*** Opening of EXTRACTED DATA ***

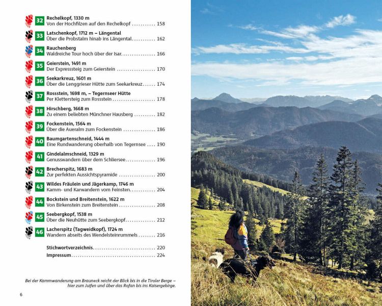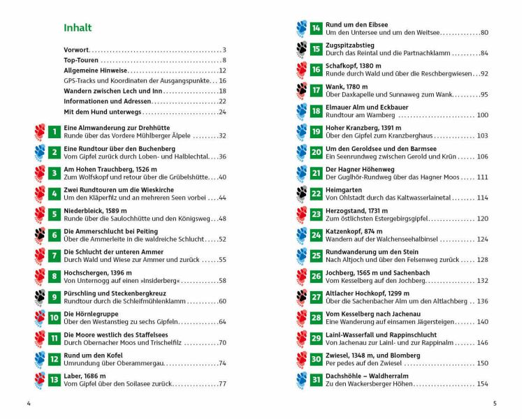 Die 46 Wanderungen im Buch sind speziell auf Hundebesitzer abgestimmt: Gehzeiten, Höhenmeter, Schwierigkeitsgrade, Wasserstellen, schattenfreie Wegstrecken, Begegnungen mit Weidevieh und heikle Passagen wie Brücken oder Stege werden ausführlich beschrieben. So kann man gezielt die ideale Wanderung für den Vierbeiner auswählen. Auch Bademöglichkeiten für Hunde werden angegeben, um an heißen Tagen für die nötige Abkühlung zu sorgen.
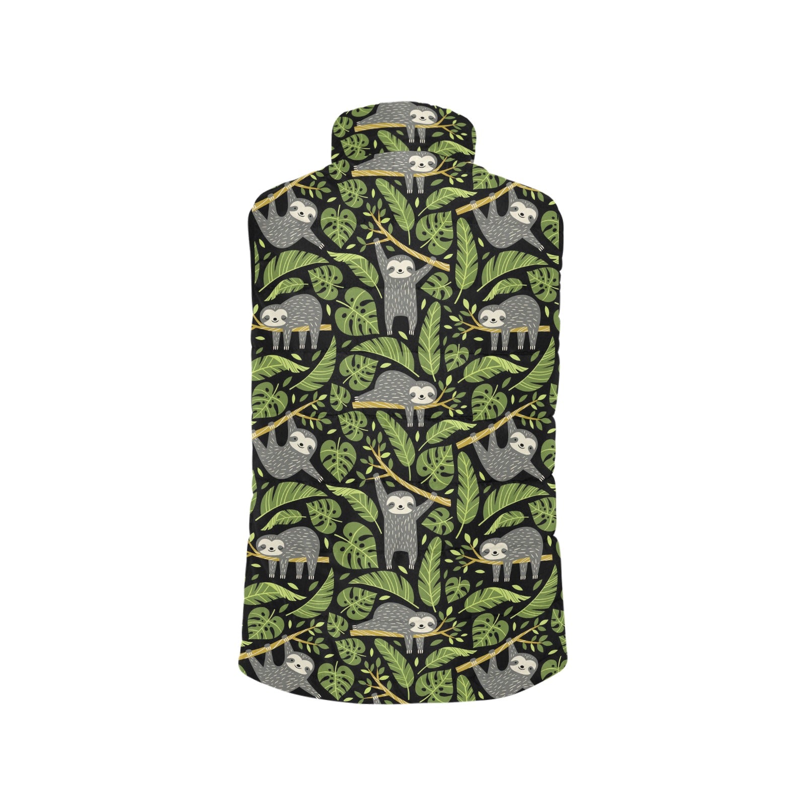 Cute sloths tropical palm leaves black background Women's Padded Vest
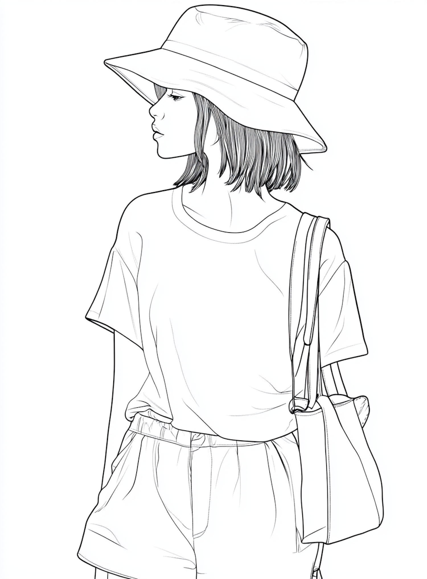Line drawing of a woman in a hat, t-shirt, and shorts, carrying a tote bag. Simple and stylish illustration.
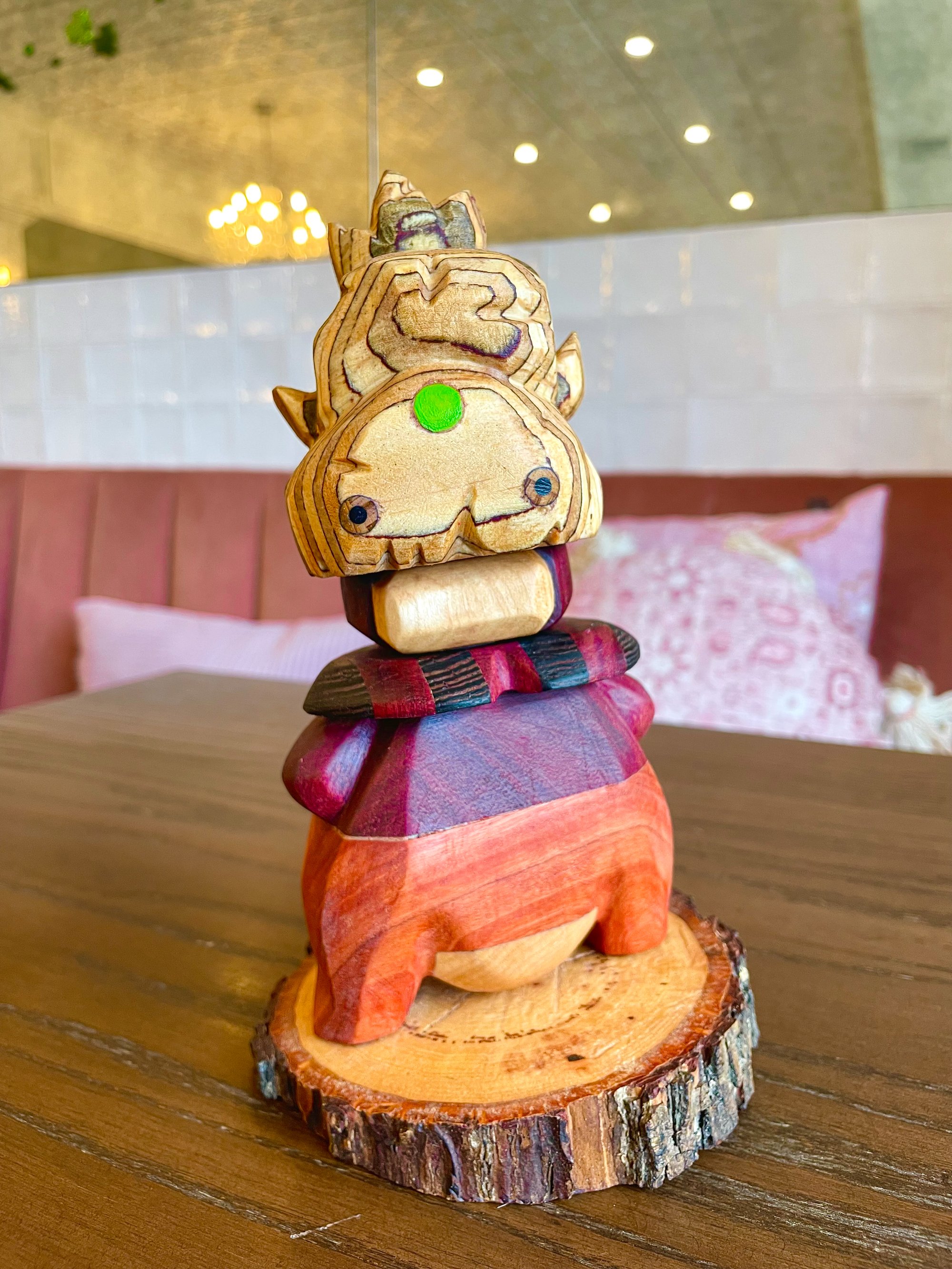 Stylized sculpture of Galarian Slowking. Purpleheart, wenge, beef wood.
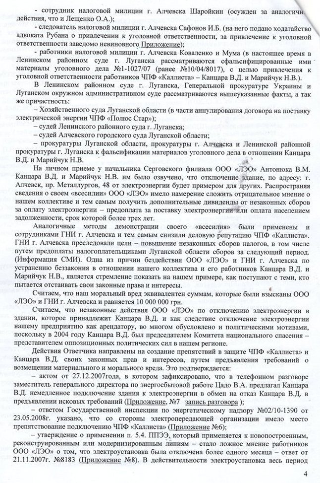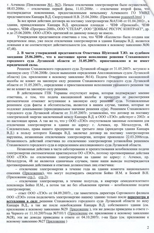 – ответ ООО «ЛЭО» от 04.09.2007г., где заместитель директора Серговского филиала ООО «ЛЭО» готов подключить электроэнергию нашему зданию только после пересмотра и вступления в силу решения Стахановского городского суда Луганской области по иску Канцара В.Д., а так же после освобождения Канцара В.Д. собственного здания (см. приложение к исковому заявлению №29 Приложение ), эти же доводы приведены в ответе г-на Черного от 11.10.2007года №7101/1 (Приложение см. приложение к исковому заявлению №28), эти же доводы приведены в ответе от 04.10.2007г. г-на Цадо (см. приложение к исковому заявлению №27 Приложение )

*** Close of EXTRACTED DATA ***

### ABOUT THIS TASK
Above are some entries. Restate word for word the lines from the one holding "Line drawing of" through the one holding "Stylized sculpture of", but not the pictures.

### OUTPUT OF THE TASK
Line drawing of a woman in a hat, t-shirt, and shorts, carrying a tote bag. Simple and stylish illustration.
 Stylized sculpture of Galarian Slowking. Purpleheart, wenge, beef wood.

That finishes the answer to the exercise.